▶ Work instruction
Give again, exactly as written, each line of the material below starting at the line that contains "ZOEREA(ゾエレア) ベビーシューズ ソフトソールシューズ" and ending at the line that contains "如果说全景自由窗重塑了多任务". Both ends count, and no other line does.
══ Supplied data
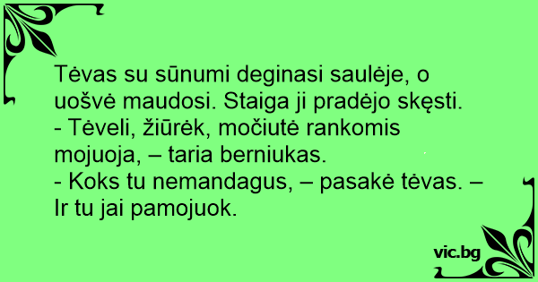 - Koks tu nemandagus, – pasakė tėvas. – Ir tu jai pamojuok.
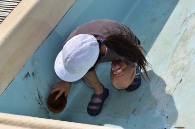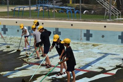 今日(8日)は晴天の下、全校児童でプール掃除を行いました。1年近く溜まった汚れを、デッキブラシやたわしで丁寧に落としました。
════
══ Supplied data
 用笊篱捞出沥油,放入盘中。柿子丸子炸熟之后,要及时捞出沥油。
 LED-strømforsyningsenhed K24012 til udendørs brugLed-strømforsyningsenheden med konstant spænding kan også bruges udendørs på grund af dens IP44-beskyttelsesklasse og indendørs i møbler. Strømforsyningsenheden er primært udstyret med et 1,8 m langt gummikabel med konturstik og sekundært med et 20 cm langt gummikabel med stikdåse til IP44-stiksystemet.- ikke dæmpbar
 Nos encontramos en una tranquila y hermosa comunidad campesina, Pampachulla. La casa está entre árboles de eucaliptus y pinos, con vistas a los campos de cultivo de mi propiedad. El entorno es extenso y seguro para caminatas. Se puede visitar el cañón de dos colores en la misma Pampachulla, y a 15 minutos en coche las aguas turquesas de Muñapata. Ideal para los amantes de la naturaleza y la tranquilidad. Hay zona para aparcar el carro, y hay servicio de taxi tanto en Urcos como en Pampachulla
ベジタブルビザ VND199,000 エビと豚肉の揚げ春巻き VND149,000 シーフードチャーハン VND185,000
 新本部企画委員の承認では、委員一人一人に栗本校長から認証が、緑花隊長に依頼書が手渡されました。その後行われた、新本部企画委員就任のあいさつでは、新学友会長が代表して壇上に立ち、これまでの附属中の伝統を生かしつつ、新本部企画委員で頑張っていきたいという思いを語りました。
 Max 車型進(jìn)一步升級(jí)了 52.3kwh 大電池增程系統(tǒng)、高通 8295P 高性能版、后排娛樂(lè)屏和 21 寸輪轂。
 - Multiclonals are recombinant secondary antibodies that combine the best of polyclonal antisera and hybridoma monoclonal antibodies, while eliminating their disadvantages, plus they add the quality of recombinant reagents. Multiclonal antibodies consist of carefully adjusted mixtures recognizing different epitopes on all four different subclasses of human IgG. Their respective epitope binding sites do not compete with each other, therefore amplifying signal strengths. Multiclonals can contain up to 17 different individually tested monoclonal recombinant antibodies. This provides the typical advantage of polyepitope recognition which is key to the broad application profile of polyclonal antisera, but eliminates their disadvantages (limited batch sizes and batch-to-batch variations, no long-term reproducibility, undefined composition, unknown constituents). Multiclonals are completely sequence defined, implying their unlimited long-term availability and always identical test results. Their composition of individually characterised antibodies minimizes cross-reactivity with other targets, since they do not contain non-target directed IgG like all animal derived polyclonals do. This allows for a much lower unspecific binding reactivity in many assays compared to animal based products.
════
══ Supplied data
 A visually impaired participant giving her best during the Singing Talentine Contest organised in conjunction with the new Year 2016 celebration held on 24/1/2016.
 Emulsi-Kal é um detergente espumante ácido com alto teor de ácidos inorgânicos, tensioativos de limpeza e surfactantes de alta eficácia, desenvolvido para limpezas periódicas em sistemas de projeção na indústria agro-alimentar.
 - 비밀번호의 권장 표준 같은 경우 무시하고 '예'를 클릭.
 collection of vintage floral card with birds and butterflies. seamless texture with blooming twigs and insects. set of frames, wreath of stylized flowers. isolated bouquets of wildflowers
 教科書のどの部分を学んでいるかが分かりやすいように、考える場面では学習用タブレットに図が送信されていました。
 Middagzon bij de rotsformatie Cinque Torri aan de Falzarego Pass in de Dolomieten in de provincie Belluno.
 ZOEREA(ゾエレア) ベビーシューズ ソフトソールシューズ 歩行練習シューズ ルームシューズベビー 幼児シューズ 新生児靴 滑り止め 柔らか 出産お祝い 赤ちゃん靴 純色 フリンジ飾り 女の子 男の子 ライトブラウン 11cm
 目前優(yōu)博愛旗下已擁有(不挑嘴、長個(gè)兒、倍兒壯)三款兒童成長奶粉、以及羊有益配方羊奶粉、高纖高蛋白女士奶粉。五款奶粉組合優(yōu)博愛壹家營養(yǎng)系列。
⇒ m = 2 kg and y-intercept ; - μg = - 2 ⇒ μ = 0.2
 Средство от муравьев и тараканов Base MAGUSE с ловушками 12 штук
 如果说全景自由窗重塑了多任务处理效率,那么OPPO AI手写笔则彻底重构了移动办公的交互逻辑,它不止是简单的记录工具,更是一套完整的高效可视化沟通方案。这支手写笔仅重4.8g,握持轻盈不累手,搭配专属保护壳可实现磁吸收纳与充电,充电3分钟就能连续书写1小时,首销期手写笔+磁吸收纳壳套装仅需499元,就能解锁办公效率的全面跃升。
════
▶ Task solution
 ZOEREA(ゾエレア) ベビーシューズ ソフトソールシューズ 歩行練習シューズ ルームシューズベビー 幼児シューズ 新生児靴 滑り止め 柔らか 出産お祝い 赤ちゃん靴 純色 フリンジ飾り 女の子 男の子 ライトブラウン 11cm
 目前優(yōu)博愛旗下已擁有(不挑嘴、長個(gè)兒、倍兒壯)三款兒童成長奶粉、以及羊有益配方羊奶粉、高纖高蛋白女士奶粉。五款奶粉組合優(yōu)博愛壹家營養(yǎng)系列。
⇒ m = 2 kg and y-intercept ; - μg = - 2 ⇒ μ = 0.2
 Средство от муравьев и тараканов Base MAGUSE с ловушками 12 штук
 如果说全景自由窗重塑了多任务处理效率,那么OPPO AI手写笔则彻底重构了移动办公的交互逻辑,它不止是简单的记录工具,更是一套完整的高效可视化沟通方案。这支手写笔仅重4.8g,握持轻盈不累手,搭配专属保护壳可实现磁吸收纳与充电,充电3分钟就能连续书写1小时,首销期手写笔+磁吸收纳壳套装仅需499元,就能解锁办公效率的全面跃升。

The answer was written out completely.